◆ Work order ◆
When duplicating the records beneath this instruction, omit every picture and keep all else exact.

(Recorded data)
>>>>
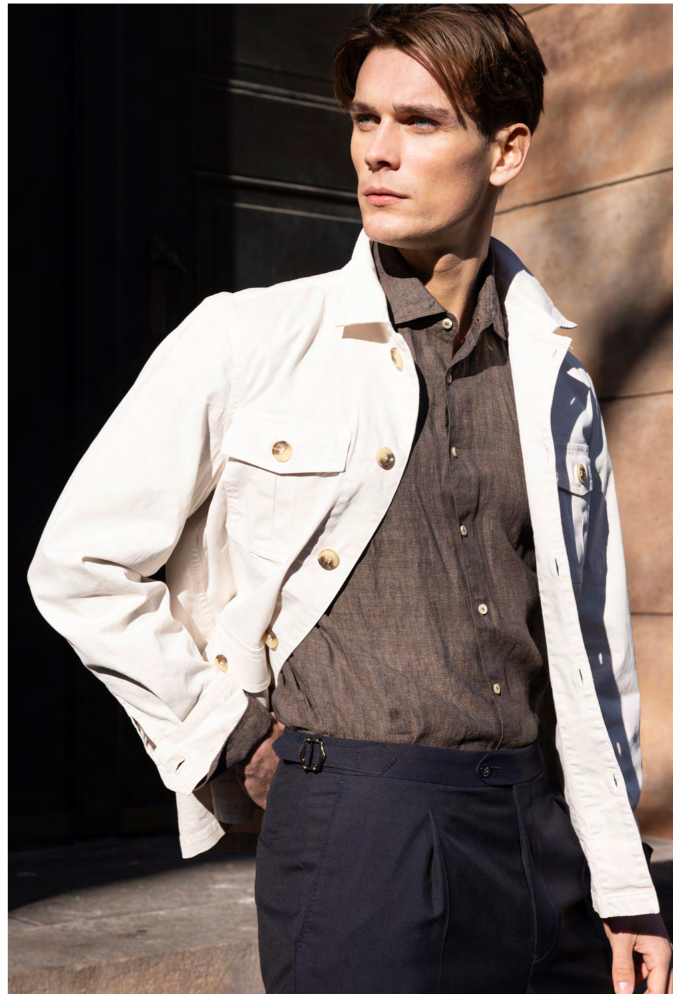
Oscar Jacobson Skjortejakke 1.600 kr.
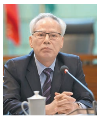
澳門終審法院確認岑浩輝為行政長官候任人。

【香港商報訊】記者戴合聲報道：澳門特別行政區公報昨日刊登終審法院有關澳門特別行政區第六任行政長官選舉結果的公告，確認選舉的總核算結果，並宣布岑浩輝當選為澳門特區第六任行政長官候任人。
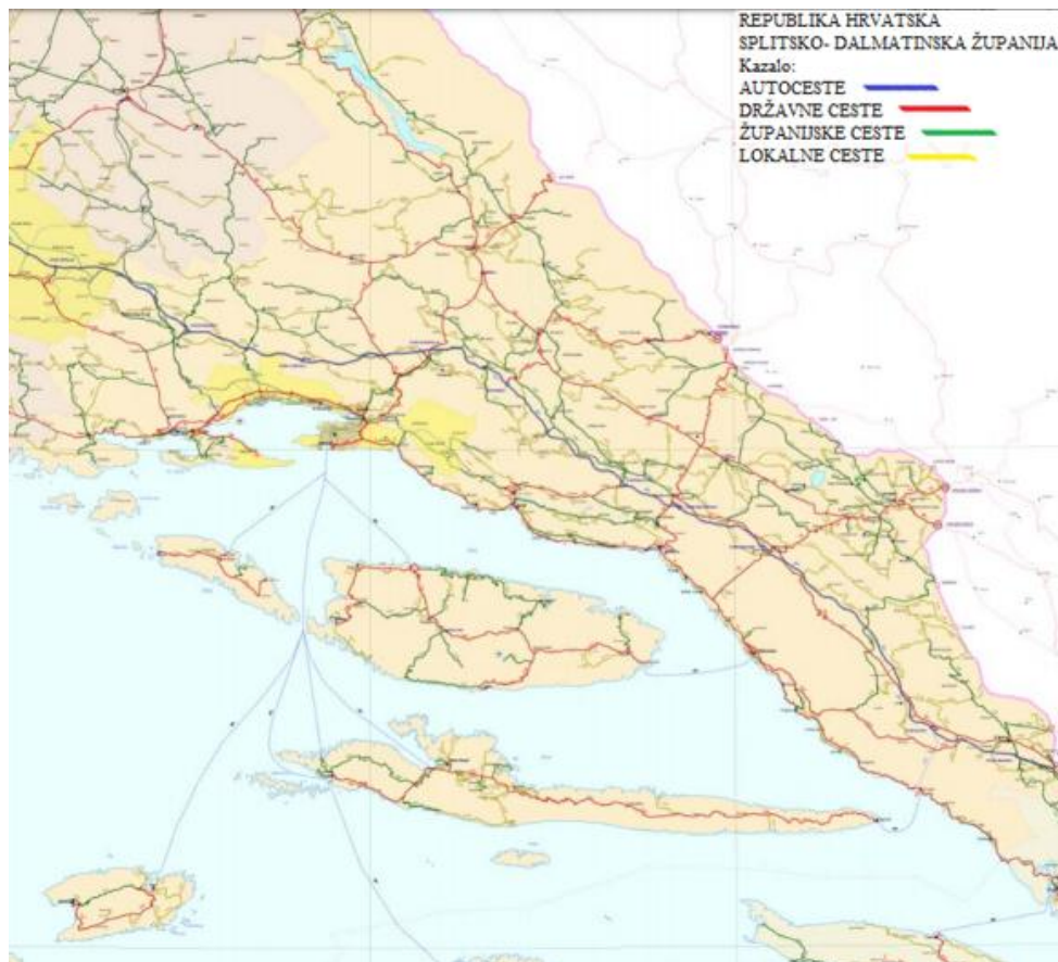
Slika 2. Prikaz mreže javnih cesta u Splitsko-dalmatinskoj županiji.[4]

Izvori financiranja javnih cesta određeni su Zakonom o cestama. Glavni izvor financiranja za upravitelje mreže autocesta, HAC (Hrvatske autoceste) predstavlja naplata cestarine. Na svim dionicama autoceste na području županije u primjeni je zatvoreni sustav naplate, kod kojeg je cijena cestarine razmjerna prijeđenom putu. HAC se djelomično financira i iz dijela trošarina za gorivo koji se izdvaja za cestovni sektor, a veći dio tih trošarina predstavlja glavni izvor prihoda za HC (Hrvatske ceste).
<<<<
◆ Solution ◆
Oscar Jacobson Skjortejakke 1.600 kr.
澳門終審法院確認岑浩輝為行政長官候任人。

【香港商報訊】記者戴合聲報道：澳門特別行政區公報昨日刊登終審法院有關澳門特別行政區第六任行政長官選舉結果的公告，確認選舉的總核算結果，並宣布岑浩輝當選為澳門特區第六任行政長官候任人。
Slika 2. Prikaz mreže javnih cesta u Splitsko-dalmatinskoj županiji.[4]

Izvori financiranja javnih cesta određeni su Zakonom o cestama. Glavni izvor financiranja za upravitelje mreže autocesta, HAC (Hrvatske autoceste) predstavlja naplata cestarine. Na svim dionicama autoceste na području županije u primjeni je zatvoreni sustav naplate, kod kojeg je cijena cestarine razmjerna prijeđenom putu. HAC se djelomično financira i iz dijela trošarina za gorivo koji se izdvaja za cestovni sektor, a veći dio tih trošarina predstavlja glavni izvor prihoda za HC (Hrvatske ceste).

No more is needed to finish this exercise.